Source data Start Marker
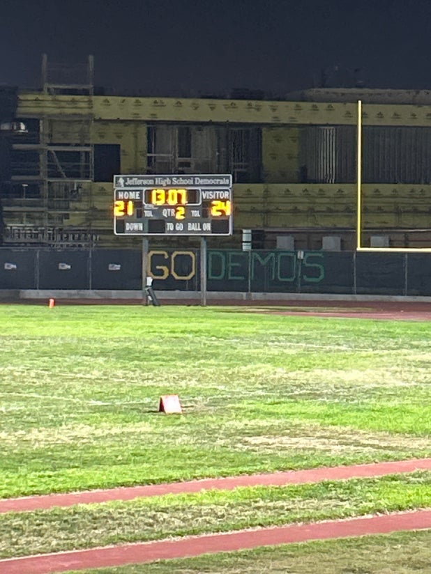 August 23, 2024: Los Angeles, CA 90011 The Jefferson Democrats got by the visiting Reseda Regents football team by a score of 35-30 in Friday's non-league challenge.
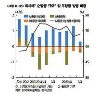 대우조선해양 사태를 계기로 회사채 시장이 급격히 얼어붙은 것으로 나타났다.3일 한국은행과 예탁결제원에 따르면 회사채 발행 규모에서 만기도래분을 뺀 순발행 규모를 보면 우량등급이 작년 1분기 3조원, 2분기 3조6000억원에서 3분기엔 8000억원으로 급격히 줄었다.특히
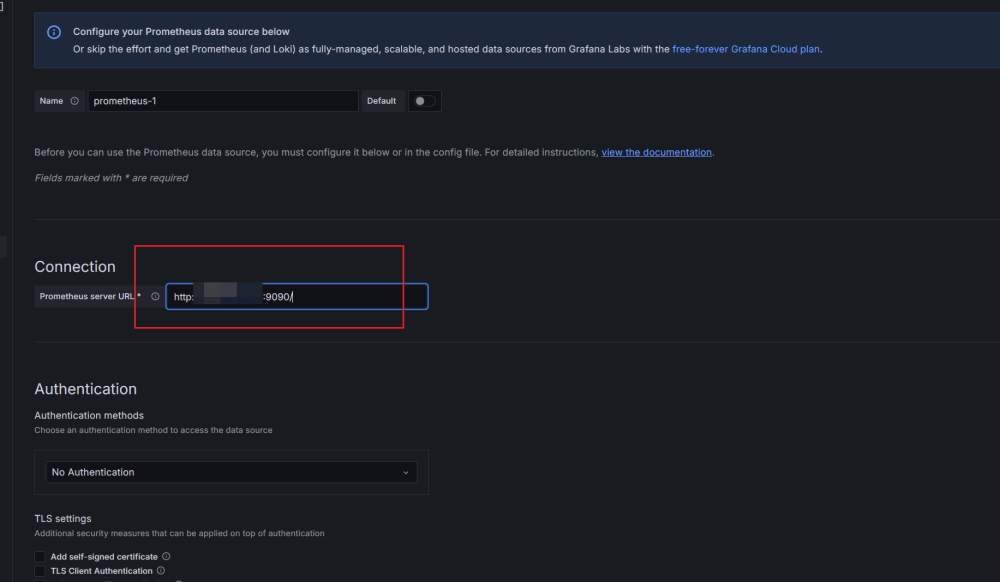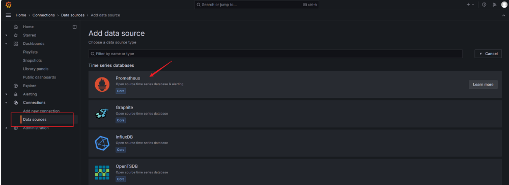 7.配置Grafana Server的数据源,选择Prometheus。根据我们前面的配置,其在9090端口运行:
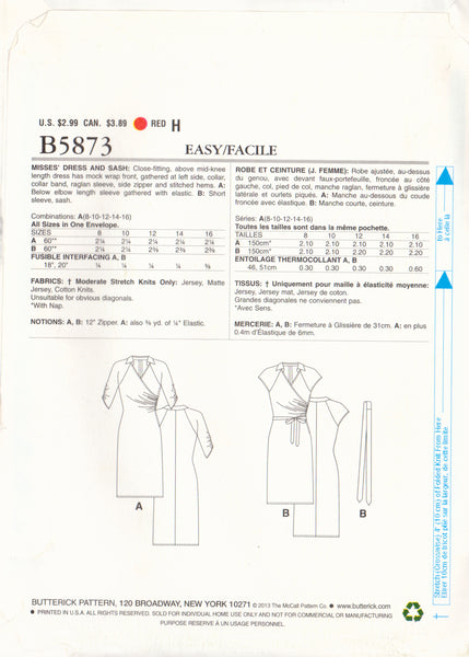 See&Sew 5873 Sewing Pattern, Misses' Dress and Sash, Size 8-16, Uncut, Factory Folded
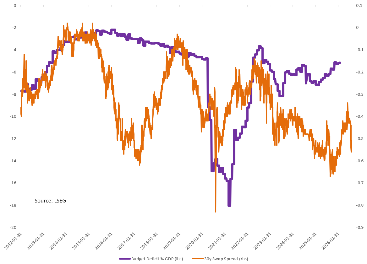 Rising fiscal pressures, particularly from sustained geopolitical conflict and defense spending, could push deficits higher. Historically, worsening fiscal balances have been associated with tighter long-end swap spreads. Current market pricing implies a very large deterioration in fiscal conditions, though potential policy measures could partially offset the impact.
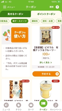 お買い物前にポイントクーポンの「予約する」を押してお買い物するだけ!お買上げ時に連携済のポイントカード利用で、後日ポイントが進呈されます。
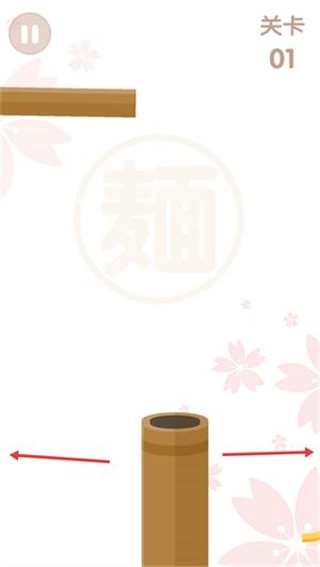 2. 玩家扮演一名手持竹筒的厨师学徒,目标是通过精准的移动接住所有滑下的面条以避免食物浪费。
Source data End Marker
Source data Start Marker
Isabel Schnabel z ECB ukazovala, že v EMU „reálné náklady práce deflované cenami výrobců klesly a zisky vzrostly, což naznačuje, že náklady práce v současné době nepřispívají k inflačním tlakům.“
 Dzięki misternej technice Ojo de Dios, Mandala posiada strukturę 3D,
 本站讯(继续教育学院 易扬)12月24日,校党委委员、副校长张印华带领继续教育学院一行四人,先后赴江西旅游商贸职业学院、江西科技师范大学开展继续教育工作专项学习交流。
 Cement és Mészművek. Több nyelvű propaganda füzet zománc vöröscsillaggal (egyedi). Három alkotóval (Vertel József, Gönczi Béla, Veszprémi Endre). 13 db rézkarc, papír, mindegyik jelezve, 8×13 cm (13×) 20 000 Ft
Source data End Marker
What you should do: Return only the stretch of the material above from the line holding "Isabel Schnabel z" through the line holding "Cement és Mészművek.", copied exactly.

Exercise solution:
Isabel Schnabel z ECB ukazovala, že v EMU „reálné náklady práce deflované cenami výrobců klesly a zisky vzrostly, což naznačuje, že náklady práce v současné době nepřispívají k inflačním tlakům.“
 Dzięki misternej technice Ojo de Dios, Mandala posiada strukturę 3D,
 本站讯(继续教育学院 易扬)12月24日,校党委委员、副校长张印华带领继续教育学院一行四人,先后赴江西旅游商贸职业学院、江西科技师范大学开展继续教育工作专项学习交流。
 Cement és Mészművek. Több nyelvű propaganda füzet zománc vöröscsillaggal (egyedi). Három alkotóval (Vertel József, Gönczi Béla, Veszprémi Endre). 13 db rézkarc, papír, mindegyik jelezve, 8×13 cm (13×) 20 000 Ft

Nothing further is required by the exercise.